Take any image and compress it to BC1, BC2, or BC3, and the last mip levels (2x2, 1x1) won’t always have the same value. The same goes for images sizes that are not a multiple of the block size. All blocks on the edge (those that have pixels outside the actual image) have non-deterministic values. This is a problem, in our case, for automatic version control of compressed images, because most of the times changes are detected even if the original image did not change.
This is using version 2020.1.3. We have only noticed this with BC[1-3] formats, but not with BC6 nor BC7. We have not tried with other formats.
Hi Francois,
This is a known issue, and should be fixed in the next version. For the cases we’ve seen, a workaround for the moment (for all compressors other than BC3n) is to make sure you’re using the GPU compressor instead of the CPU compressor (more details on why below) - you can check which compression qualities use a CPU or a GPU compressor by looking at the tooltips for the different compression qualities in the standalone exporter GUI (the text will change depending on the format and whether or not the GPU supports CUDA), or the command-line version will sometimes print out messages when using the CPU version. It looks like not all CPU compressors are affected by this.
What I think is going on here is that although all of the compressors process images block-by-block, some of the older CPU compressors might be trying to read from uninitialized memory (or possibly reading from memory that was used for past computation results) when processing blocks that extend past the boundaries of the image (which happens when the image isn’t divisible by the block size, as you pointed out).
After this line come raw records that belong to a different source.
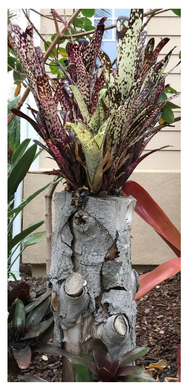
Billbergia 'Hallelujah' and 'Mariposa' sharing space on a log.

I look forward to seeing many of you this weekend. Some of you I will be seeing Saturday, since Bird Rock Tropicals is having their big holiday
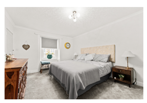
3 Beds | 2 Baths | 127m2
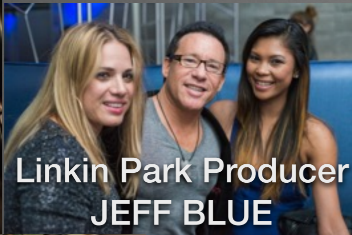
Linkin Park Producer JEFF BLUE
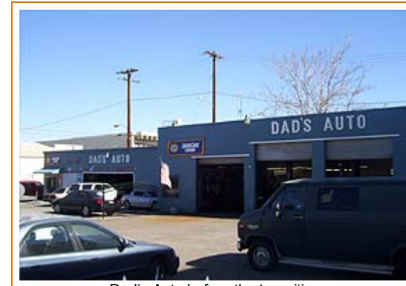
Dad's Auto before the transition.

"The changes will be dramatic," she said. "It's going to reshape the area."
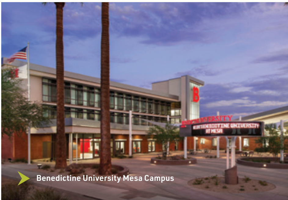
▶ Benedictine University Mesa Campus

Benedictine University at Mesa offers 28 different majors and minors, including Accounting, Communication Arts, Computer Science, Criminal
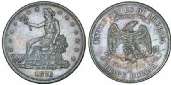
1827* USA, trade dollar, 1876CC. Extremely fine.
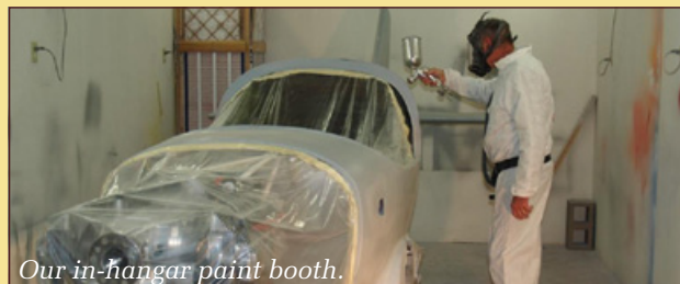
Our in-hangar paint booth.
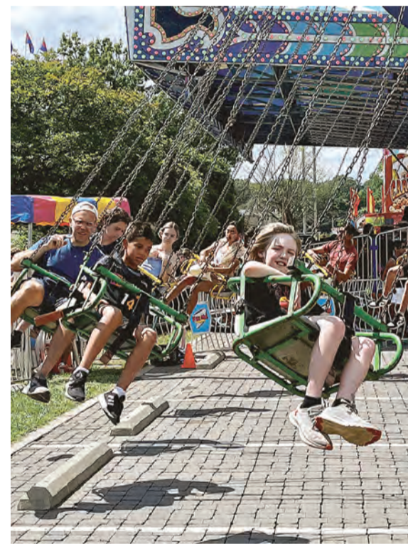
Amusement Rides by partner Cole Amusements
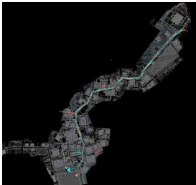
Plan no.2: routes which are followed by tourists from Enghelab entrance

Citizens and tourists have more than ever used routing applications to explore space, while tourists in some tourist destinations are facing the problem of lack of access to the Internet network and select offline maps. in this study, Google Maps, Sygic,
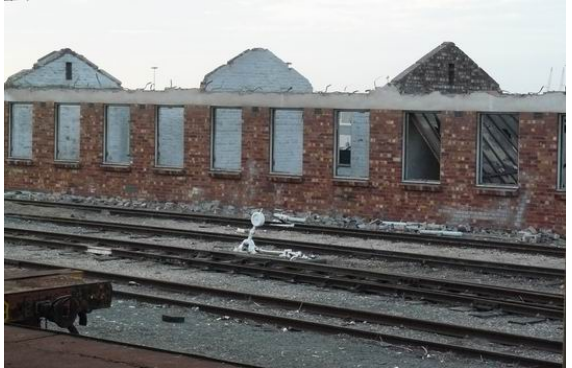
The beginning of the end, of the carpenter's workshop.

The station buildings which the Apple Express Company lease from Transnet have been spared. The two badly vandalised toilet buildings next to the station building have been demolished. As a result, the lack of toilet facilities on the station will now have to be addressed. There is thought of building a single toilet cubicle inside the old ticket office.
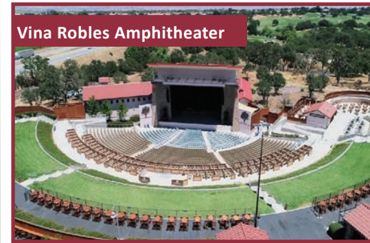
Vina Robles Amphitheater

Entertainment - Nestled on a picturesque, oak-dotted hillside, featuring a variety of music and entertainment. Vina Robles Amphitheater was named one of North America's "Must Play Venues of 2016" by music industry publication Amplify.
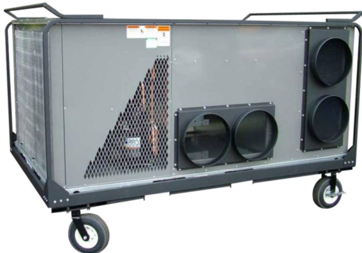
DUAL HEAT/COOL (1) F-DI100HP0100CM
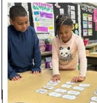
Students in Franklin Elementary School's After-School Program
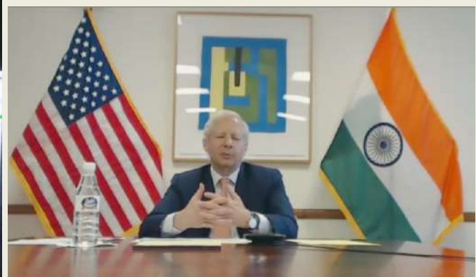
▼ H.E. Mr. Kenneth I. Juster, Ambassador of US to India interacted on webinar with the IFS OTs
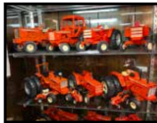
AC D21 w/duals, 2 piece set
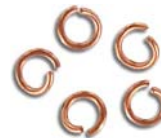
JR6MM/RSS 6mm 18ga, (1mm)
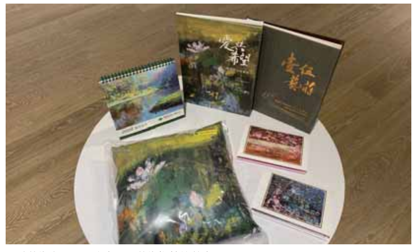
設計藝術桌曆、展覽畫冊、藝術抱枕等義賣品。 Art albums, calendars and cushions for charity

2019年國泰世華藝術中心以「盡善盡美」為主題,精選12位藝術家一王守英、陳輝東、籍虹、蘇憲法、楊永福、葉繁榮、溫宗益、簡昌達、黃進龍、李正郎、林榮與楊淑惠的作品製成年度桌曆。期盼在嶄新的一年,藝術作品能為社會大衆的生活增添色彩,並帶來閒適靜謐的舒暢心境。同時也出版「愛與希望」展覽畫冊、以及藝術抱枕等藝術商品持續義賣,所得全用於幫助弱勢學童,致力發揚社會良善之美。
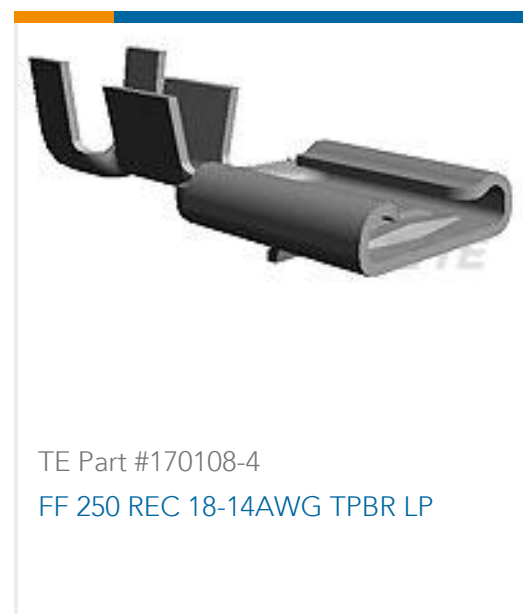
TE Part #170108-4 FF 250 REC 18-14AWG TPBR LP
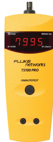
Open/short circuit detection – up to 8,000 feet (2,400 metres)

To learn more visit, www.flukenetworks.com/ts100pro
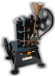
Tablet Making Machine
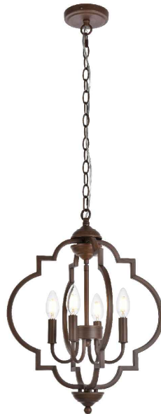
Wooden Item No:LD7064D16WOK
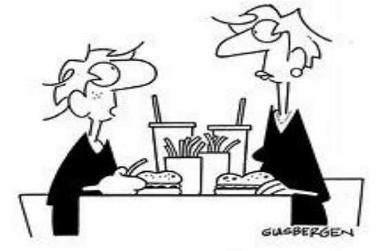
"Grandma says it's important to use the proper fork when you eat in a restaurant. What's a fork?"
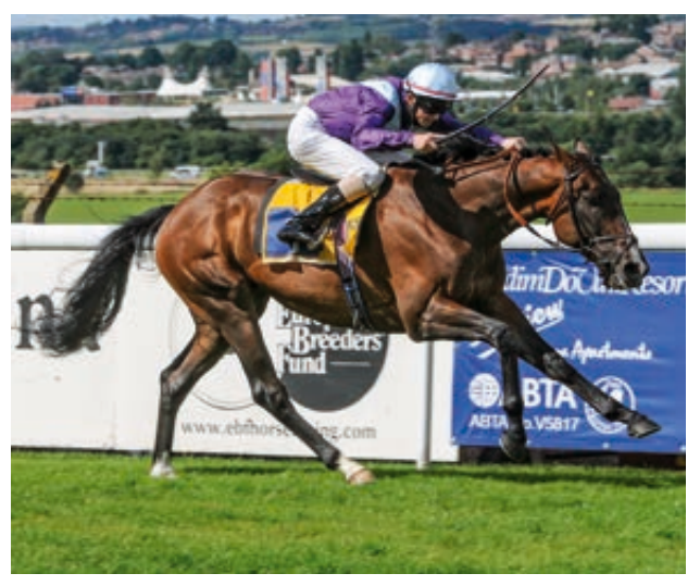
HIGHLAND KNIGHT wins his first listed race at Pontefract

heavy ground at Longchamp can be forgotten and, given his improvement this term, it is entirely reasonable to think that there might be more to come. He too might be Dubai bound in March.
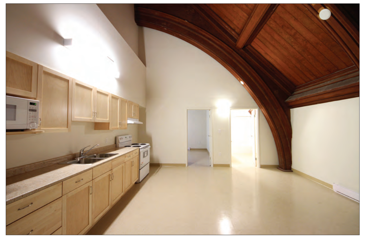
A WestEnd Commons apartment, featuring the original church ceiling.

in the fridge, we're going to save that for people who actually need it more than us. Like before we were really needy, we're not needy anymore, so we're not going to go.
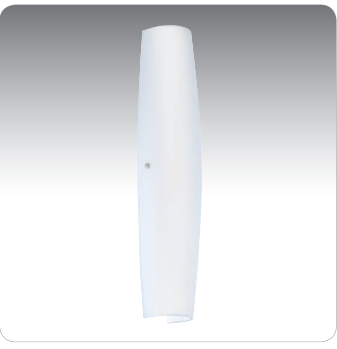
MISTRAL SHOWN IN OPAL MATTE (711207)
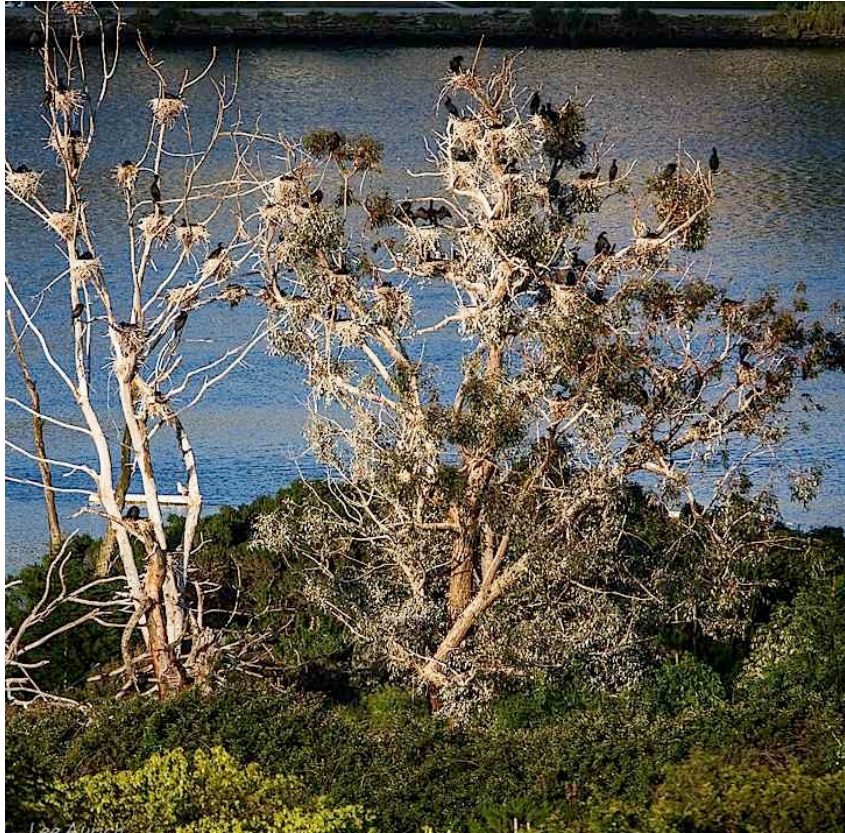
Cormorant nests: Photo by Lee Aurich

In between the time of the algae and a flourish of geese, cormorants raise their young on the islands, trees are full of birds, and boats ply the waters. Life is blossoming at Lake Merritt; come on down to the bottom of the watershed and be part of it.
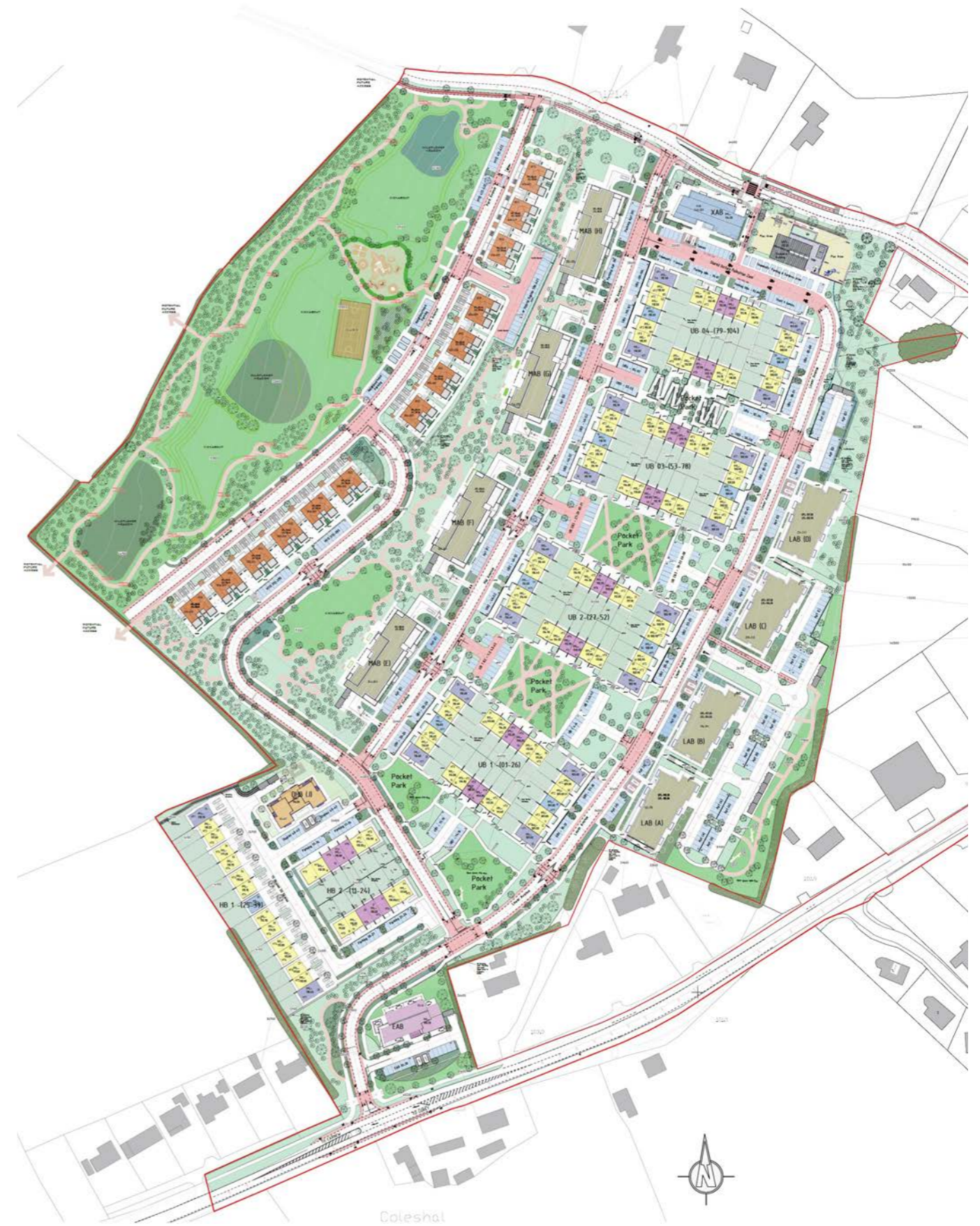
SHD Site Plan

The GPU compressors all seem to handle this correctly to the best of my knowledge - they use a map to ignore texels that won’t be visible in the final result. Some of the CPU compressors appear to handle this correctly as well.
BC3n is the only format that doesn’t include a GPU compressor (though it’s the result of composing a swizzle and BC3 compression), so that’s why this workaround doesn’t work for BC3n.
Hope this helps!
Good know it’ll be fixed soon. Looking forward for that new release. Thanks!
One more little question: may I inquire about when is that next version planned to be released?
Hi Francois,
We just released Texture Tools Exporter 2021.1.1 today, which should fix all the determinism issues I know about with image compression. (It was in fact reading from past computation results.) Thanks for your patience, and I hope this helps!